Les 5 erreurs UX des startups

Personae User Lab
6 min readFeb 25, 2016

Pas si “UX centered” que ça

Pour le premier article de Personae User Lab sur Medium, nous avions envie de vous parler de l’avenir en se concentrant sur les startup, ces entreprises qui veulent dessiner le futur dans lequel nous allons évoluer.

Ma dernière participation en tant que coach au Startup Weekend à Nantes et plus récemment en tant que jury puis coach UX pour les candidats du 303Tour m’ont rappelé que les start up ne sont pas nécessairement plus tournées que les grands groupes, vers leurs utilisateurs (leurs pratiques, paradoxes, angoisses, fantasmes, envies, besoins, etc.). Hé oui, pour une seule qui est “user centered”, de nombreuses autres ne le sont pas. D’ailleurs, comment le pourraient-elles, arc-boutées sur leurs certitudes, le bienfondé de leur approche ou la croyance forte en leur business model ?

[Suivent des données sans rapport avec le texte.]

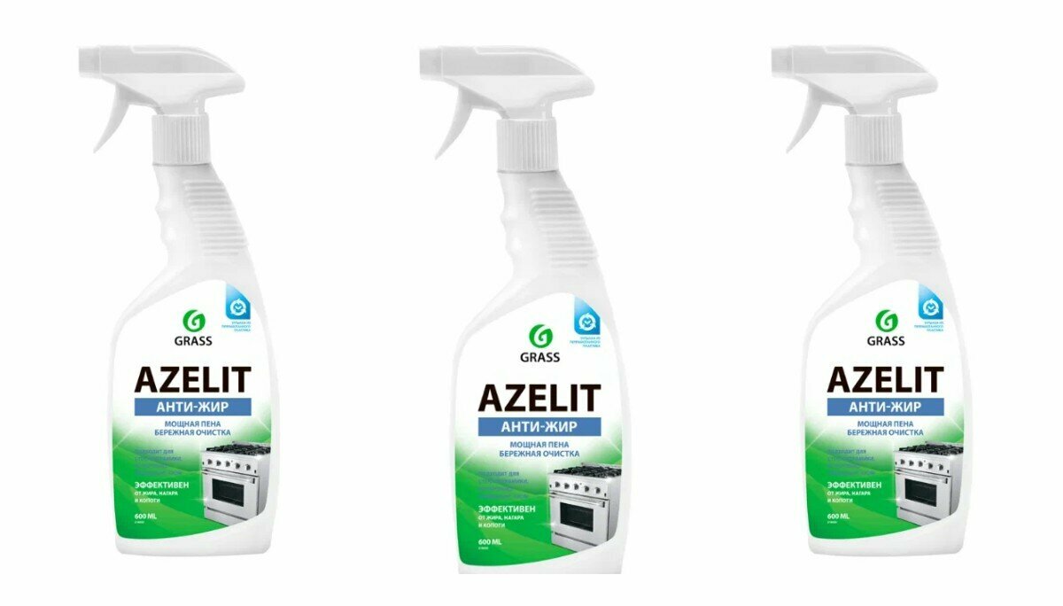 Grass Средство для удаления жира, нагара и копоти Azelit, Анти-жир, Универсальное, 600 мл, 3 шт 1 052 ₽

Je vous propose de balayer rapidement les 5 erreurs majeures des startups que j’ai pu observer vis-à-vis de la démarche UX (user expérience).

1 — S’imaginer que sa cible parle le même langage que soi

Penser que l’utilisateur comprendra spontanément ce qu’on souhaite lui vendre ou lui faire savoir implique qu’il partage nécessairement les mêmes codes que vous. Or, vos propos peuvent être polysémiques et dépendre de la situation d’énonciation du côté de l’entreprise et de la situation d’écoute de vos propos par l’utilisateur/consommateur.

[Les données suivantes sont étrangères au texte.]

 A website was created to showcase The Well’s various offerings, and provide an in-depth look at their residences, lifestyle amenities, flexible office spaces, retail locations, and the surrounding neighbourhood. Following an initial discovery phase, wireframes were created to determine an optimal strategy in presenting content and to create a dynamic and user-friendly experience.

Trop préoccupées par leur envie de montrer leur savoir faire et d’argumenter sur le problème qu’elles vont résoudre, elles oublient parfois de se demander si leur discours sera évident pour leurs cibles. Je restituai récemment un exemple d’un usertest réalisé auprès d’un leader du ecommerce en France. Sa gamme tarifaire n’avait pas été comprise facilement. En effet la différence entre une offre “basique” et “standard” avait fait douter sur leur contenu respectif. Un dirigeant de startup m’expliqua alors avec beaucoup d’arguments rationnels que “basique” était l’entrée de gamme et que “standard” était la norme, l’offre médiane par rapport à la demande. “Médiane” ? Quel consommateur dispose spontanément de ce mot là dans son champ lexical habituel et quotidien ? Et je ne savais toujours pas au final ce qui expliquait la différence de tarif.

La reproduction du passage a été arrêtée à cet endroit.